At first Travers is impossibly stubborn about the whole thing and disagrees with everything Disney wants to do with the film, including the casting of Dick Van Dyke in the key role of Bert. While Travers is wrestling with the movie moguls, she constantly has flashbacks to her youth in Australia, where she was born as Helen Lyndon Goff (nicknamed Ginty and portrayed with heartbreaking charm by Annie Rose Buckley) and where she must cope with her alcoholic father, whom she loves dearly. During these segments we learn how she first conceived of the Mary Poppins character.


Thompson, who already has earned Golden Globe and SAG nominations as best actress for her work in this film, proves once again why she is one of the best in the business. Travers is a very conflicted person torn between protecting her treasured fictional characters and entrusting a Hollywood giant to put them on a movie screen. Her performance is consistently brilliant, but one of the film’s many highlights occurs when screenwriter Don DaGradi (Bradley Whitford) and songwriters Robert (B.J. Novak) and Richard (Jason Schwartzman) Sherman attempt to sell her on the film’s final song “Let’s Go Fly A Kite.” Travers’ initial skepticism gradually gives way to complete acceptance, and you really have to see Thompson carry this off to appreciate it. Words cannot adequately describe it.

In a recent interview, Christina Radish of collider.com asked both Thompson and Hanks the following question: “In bringing these two people to life, what were the little breadcrumbs that you used to follow the trail to get the essence of who these people were, rather than doing imitations?”

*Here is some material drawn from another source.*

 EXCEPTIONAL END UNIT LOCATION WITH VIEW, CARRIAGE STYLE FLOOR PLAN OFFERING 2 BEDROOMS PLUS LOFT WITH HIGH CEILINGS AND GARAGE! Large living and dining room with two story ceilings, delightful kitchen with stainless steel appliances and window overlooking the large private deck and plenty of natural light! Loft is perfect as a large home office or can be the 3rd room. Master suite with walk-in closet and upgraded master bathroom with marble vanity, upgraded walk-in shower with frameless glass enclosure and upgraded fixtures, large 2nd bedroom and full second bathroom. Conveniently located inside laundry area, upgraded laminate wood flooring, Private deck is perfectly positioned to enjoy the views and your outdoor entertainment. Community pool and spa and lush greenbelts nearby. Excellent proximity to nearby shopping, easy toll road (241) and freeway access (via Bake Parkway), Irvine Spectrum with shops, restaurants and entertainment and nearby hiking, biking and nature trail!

“My search for P.I. Travers was very breadcrumb-y,” Thompson said. “She went everywhere, so she was like going into a maze.  Around some corners, you’d find this terrible monster.  And around other corners, you’d find a beaten child.  She was the most extraordinary combination of things.  I suppose that was the scary thing.  In films, we often get to play people who are emotionally, or at least morally, consistent, in some way, and she wasn’t consistent, in any way.  You would not know what you would get, from one moment to the next.”

And Hanks replied, “There was a bit of a vocal cadence and a rhythm that Mr. Disney had that took awhile to figure out.  A lot of the little anecdotes that we found, specifically from the likes of Richard Sherman, were already in the screenplay, like Walt’s cough.  Walt smoked three packs a day.  Richard Sherman said that you always knew when Walt was coming to visit your office ’cause you could hear him coughing from down by the elevator.  So, you’re able to put that stuff into it, and it just ends up being one of the delightful cards in the deck.”

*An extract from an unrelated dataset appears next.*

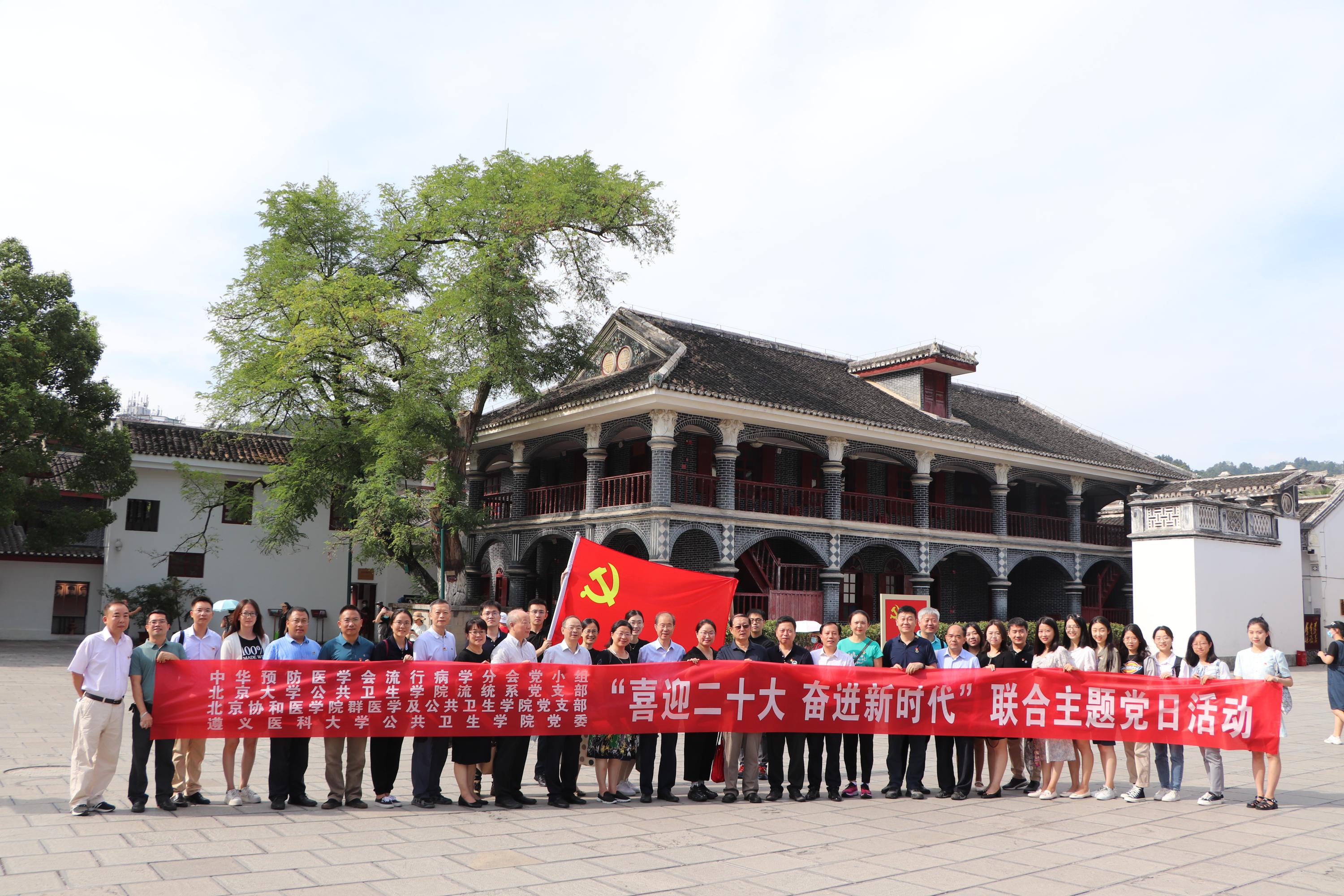 在骄阳似火的八月,喜迎中国共产党二十大到来之际,北京大学公共卫生学院流行病与卫生统计学系教工党支部联合中华预防医学会流行病学分会党小组、北京协和医学院群医学及公共卫生学院党支部、遵义医科大学公共卫生学院党委,齐聚红色革命圣地、历史文化名城贵州省遵义市,举办了“喜迎二十大、奋进新时代”主题党日活动。

Watching Hanks and Thompson in this delightfully entertaining and informative film is alone worth the price of admission. Word has it from those who knew Disney that Hanks’ portrayal of him is flawless down to the most minuscule mannerisms. But then who would have expected anything less? All the supporting players are wonderful as well, including Paul Giamatti, who plays Travers’ personal driver. And the scenes between Ginty and her dad will rip your heart out.

As one who loves the “Mary Poppins” movie, I thoroughly enjoyed “Saving Mr. Banks,” and I highly recommend it because it is consistently entertaining and beautifully acted. However, I was disappointed that Julie Andrews was never mentioned in the film, and we never find out how Travers reacted to her being chosen for the lead role. Nevertheless, “Saving Mr. Banks” earns a supercalifragilisticexpialidocious nine, and ever since seeing it, I’ve had the irresistible urge to go fly a kite!